Why We Ask About Forms You Received Last Year but Have Not Sent This Year

When we ask about forms you had last year but have not sent this year, we are using one of the most practical quality-control tools in return preparation: year-over-year comparison. Prior-year forms often reveal recurring income sources, withholding patterns, bank relationships, and payor activity that may reasonably continue into the current year. If one of those items disappears, it may mean the income genuinely stopped — or it may mean the form has not arrived, was overlooked, was issued under a slightly different name, or was never downloaded.

This question matters because document gaps are one of the leading causes of incomplete returns. Taxpayers naturally focus on what is in front of them now. Preparers, by contrast, often improve accuracy by comparing the current package to the prior year. If a client always has a certain brokerage form, a recurring agency statement, a retirement distribution form, or a foreign reporting statement, and it is suddenly absent, that is worth asking about before the return is filed.
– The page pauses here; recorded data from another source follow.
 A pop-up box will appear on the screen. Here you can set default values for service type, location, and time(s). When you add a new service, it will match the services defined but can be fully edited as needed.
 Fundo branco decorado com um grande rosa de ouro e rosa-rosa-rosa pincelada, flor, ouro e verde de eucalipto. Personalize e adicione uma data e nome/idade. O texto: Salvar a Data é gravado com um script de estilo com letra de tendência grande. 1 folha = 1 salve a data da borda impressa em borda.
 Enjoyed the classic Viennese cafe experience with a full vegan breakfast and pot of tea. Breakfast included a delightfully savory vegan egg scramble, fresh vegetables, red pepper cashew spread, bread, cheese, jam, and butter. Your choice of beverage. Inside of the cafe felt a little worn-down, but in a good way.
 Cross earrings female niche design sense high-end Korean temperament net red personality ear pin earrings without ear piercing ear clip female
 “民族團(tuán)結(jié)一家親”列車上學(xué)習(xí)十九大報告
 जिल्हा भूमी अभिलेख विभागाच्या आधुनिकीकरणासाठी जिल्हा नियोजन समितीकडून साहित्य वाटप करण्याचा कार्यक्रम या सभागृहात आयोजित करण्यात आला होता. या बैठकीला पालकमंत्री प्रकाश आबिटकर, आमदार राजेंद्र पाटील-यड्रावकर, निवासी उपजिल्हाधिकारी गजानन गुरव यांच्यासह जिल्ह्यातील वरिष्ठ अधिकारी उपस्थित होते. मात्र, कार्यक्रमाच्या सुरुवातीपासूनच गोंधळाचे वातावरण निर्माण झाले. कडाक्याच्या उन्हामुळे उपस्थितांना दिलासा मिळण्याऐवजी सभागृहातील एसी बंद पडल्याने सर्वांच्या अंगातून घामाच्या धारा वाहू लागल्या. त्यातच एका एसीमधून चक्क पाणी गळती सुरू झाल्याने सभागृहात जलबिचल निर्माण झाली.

The goal here is not to assume the prior year will repeat mechanically. Income sources change. Accounts close. Jobs end. But a missing document that is explained is very different from a missing document that is never considered. A simple confirmation — that account was closed or that payer no longer used me — resolves the issue cleanly.
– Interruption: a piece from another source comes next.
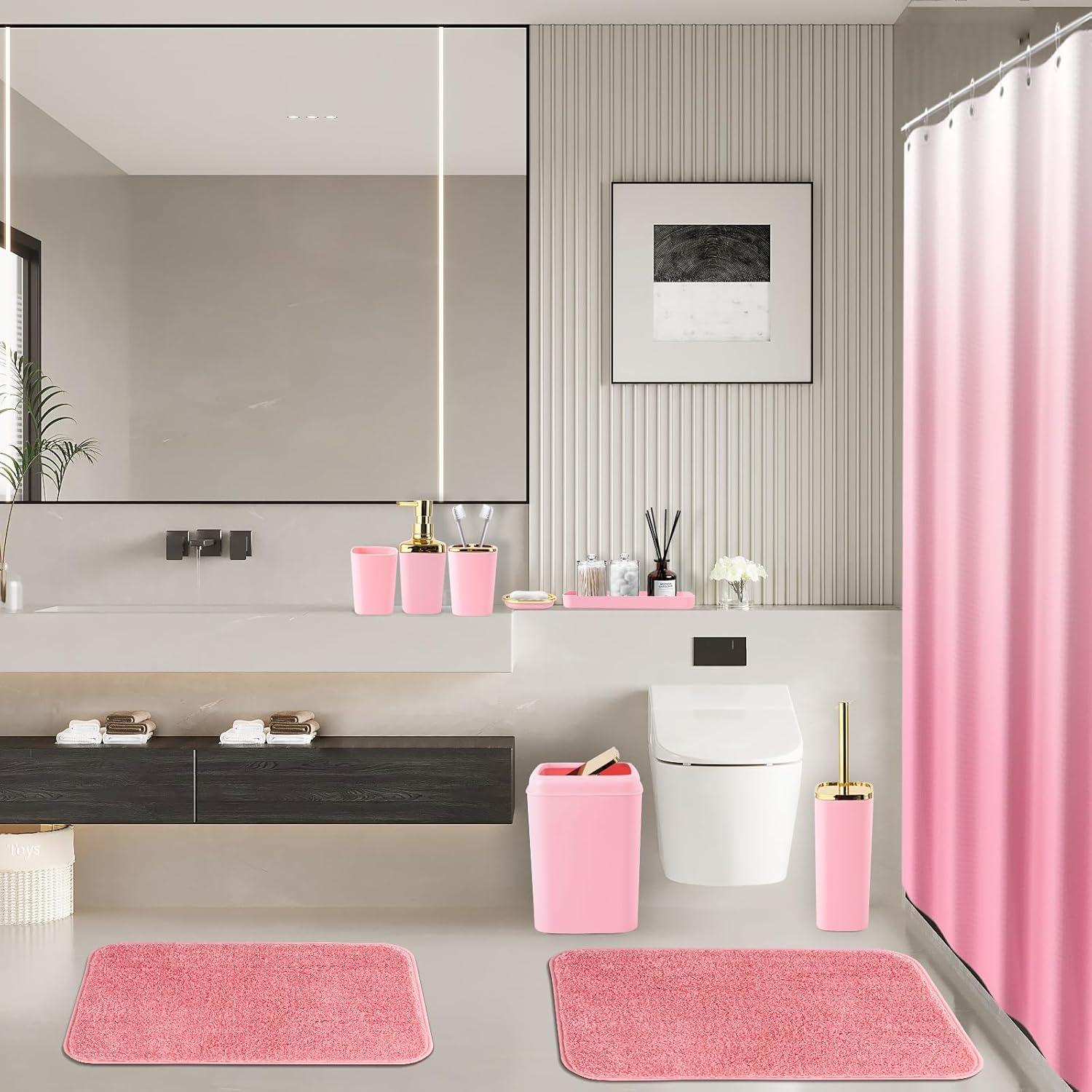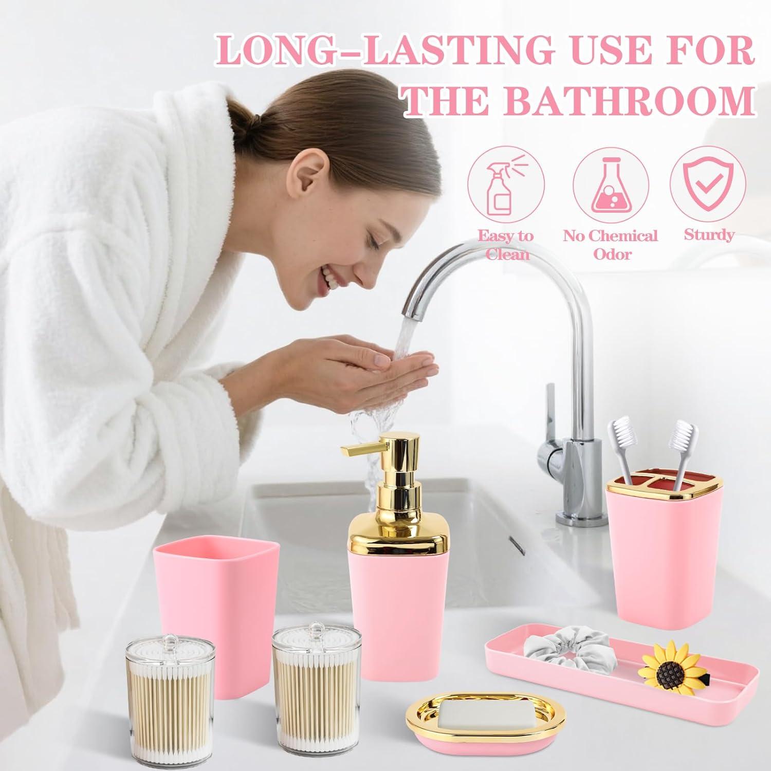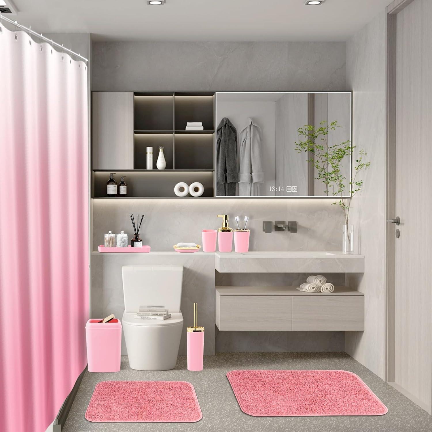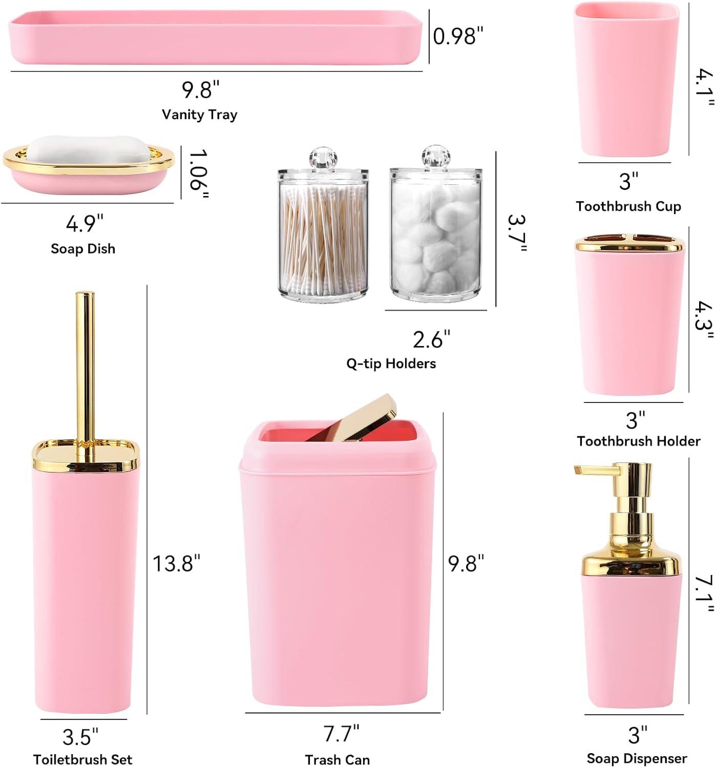 Grey Bathroom Accessories Sets Complete, 9-Piece Bathroom Accessories with Trash Can, Vanity Tray, Soap Dispenser, Soap Dish, Toothbrush Holder, Toothbrush Cup, Toilet Brush and Qtip Holders(Pink)

This review is also useful because tax forms often arrive late, especially corrected forms or documents from institutions that rely on online delivery. A client may believe they sent everything because they sent everything they had as of that day. But if we see that a prior-year pattern is incomplete, we can tell them exactly what seems missing.
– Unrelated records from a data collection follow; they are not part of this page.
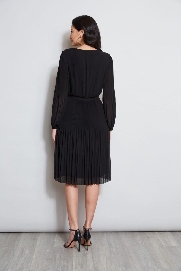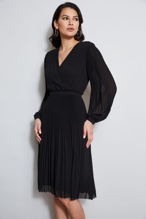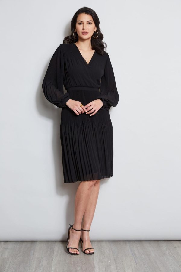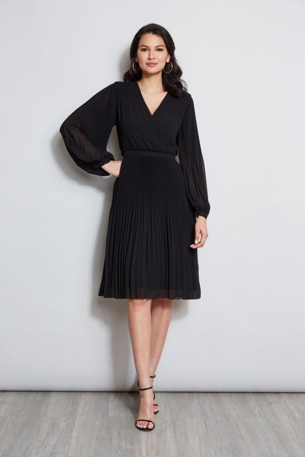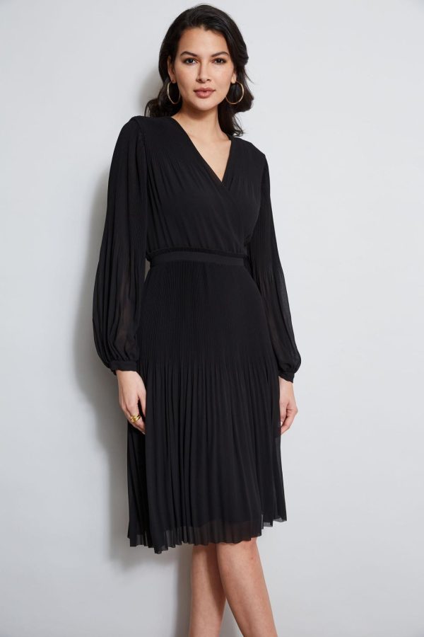 The easiest seasonless dress is elevated with blouson sleeves & pleating throughout. Designed with a faux wrap bodice, long sleeves and a fitted waist, our effortless Pleated Dress practically floats with movement.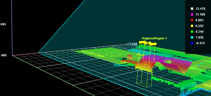 Max Error Measures the maximum error from the detected plane (the maximum distance above the plane, perpendicular to the plane) within the specified region or regions. |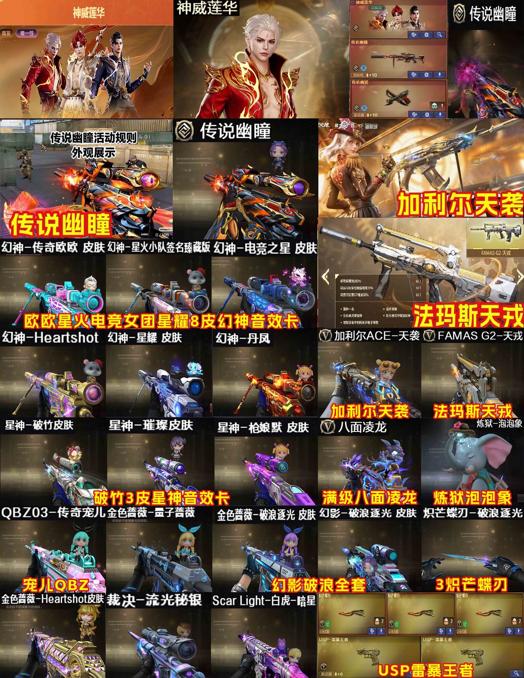 神威莲华八面凌龙泡泡象❤天袭天戎幻影❤欧欧星火电竞女团星耀8皮幻神音效卡❤传说幽瞳3蝶刃隼满生化挑战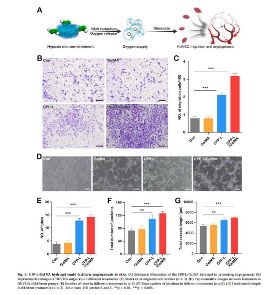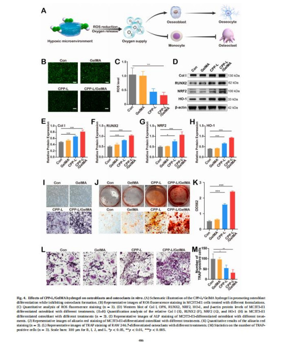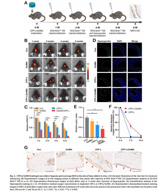 材料創(chuàng)新性:CPP-L/GelMA是首個集成ROS清除與智能供氧的骨修復水凝膠,可動態(tài)響應微環(huán)境變化。

Another reason this question matters is withholding. Sometimes a form that seems minor actually carries federal or state withholding that would otherwise be missed. If the document never gets included, the income and the withholding can both disappear from the return preparation process.

This question also helps us identify whether a different form type replaced the old one. For example, a payer may shift reporting systems, change platforms, or issue the same basic economic item through a different document type.

The most helpful response is straightforward. If the prior-year form really does not apply this year, tell us why. If you think it should exist but have not received it yet, tell us that too. The key is closing the loop before filing, not after.

In short, we ask about forms that existed last year but have not appeared this year because comparison is one of the best ways to detect omissions before they become filing problems.